## Task prompt
Only the lines from the top of the listing below through the line containing "T-shirt Peace Love" should be output, exactly and with no pictures.

## Stored data
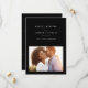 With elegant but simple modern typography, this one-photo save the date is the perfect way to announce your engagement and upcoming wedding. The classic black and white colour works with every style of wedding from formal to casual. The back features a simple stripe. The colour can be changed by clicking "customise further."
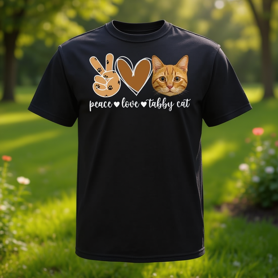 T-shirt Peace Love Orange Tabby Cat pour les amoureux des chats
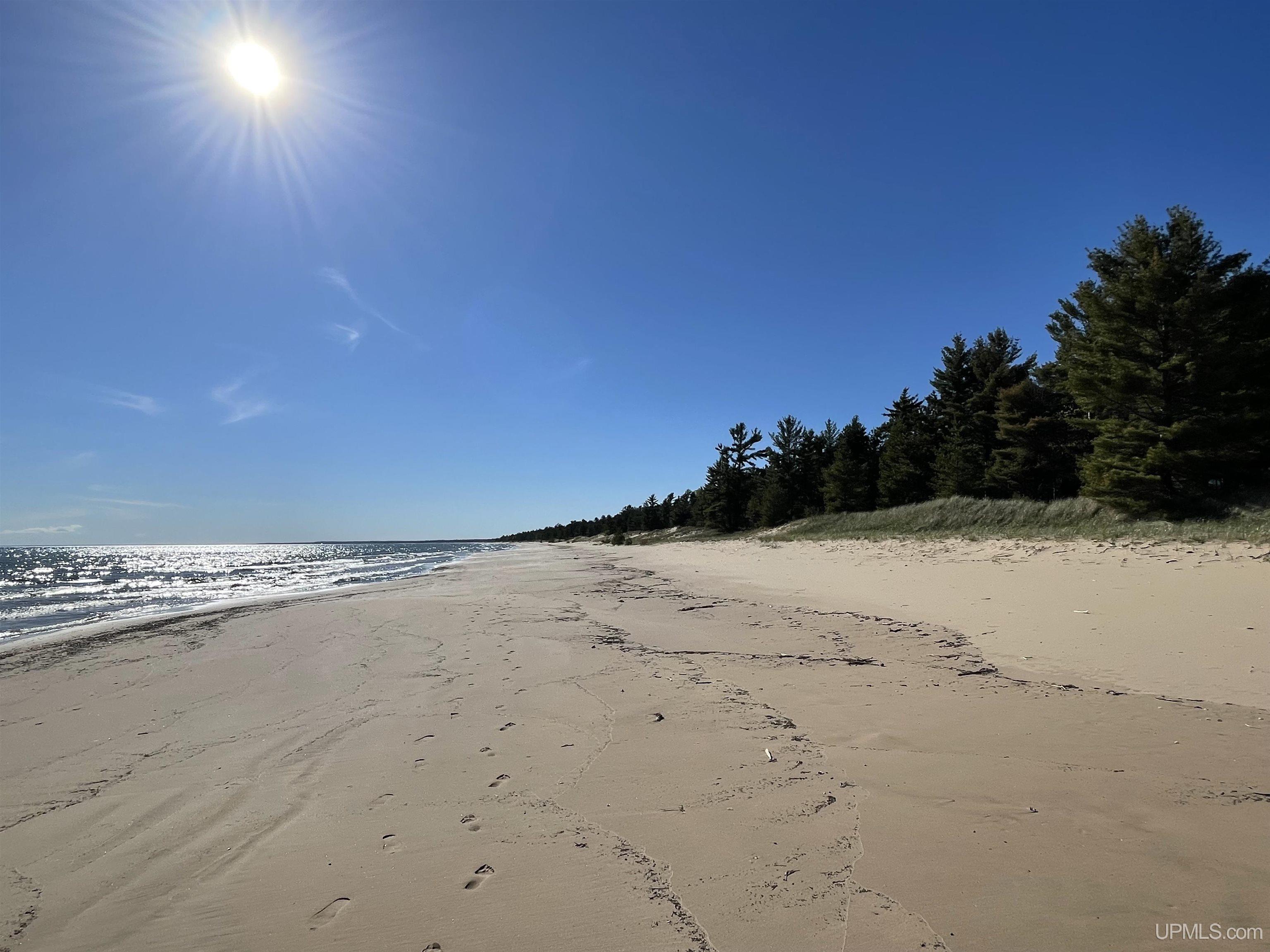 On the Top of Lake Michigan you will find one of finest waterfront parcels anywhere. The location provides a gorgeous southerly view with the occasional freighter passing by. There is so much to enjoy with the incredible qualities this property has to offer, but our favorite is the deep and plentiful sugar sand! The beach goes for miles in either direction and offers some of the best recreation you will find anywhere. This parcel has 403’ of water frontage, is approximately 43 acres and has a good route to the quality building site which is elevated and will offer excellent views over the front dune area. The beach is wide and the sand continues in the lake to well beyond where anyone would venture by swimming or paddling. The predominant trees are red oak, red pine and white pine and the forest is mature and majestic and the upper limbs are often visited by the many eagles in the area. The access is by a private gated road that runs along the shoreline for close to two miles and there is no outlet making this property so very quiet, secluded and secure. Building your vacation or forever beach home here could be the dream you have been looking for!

## Answer to the exercise
 With elegant but simple modern typography, this one-photo save the date is the perfect way to announce your engagement and upcoming wedding. The classic black and white colour works with every style of wedding from formal to casual. The back features a simple stripe. The colour can be changed by clicking "customise further."
 T-shirt Peace Love Orange Tabby Cat pour les amoureux des chats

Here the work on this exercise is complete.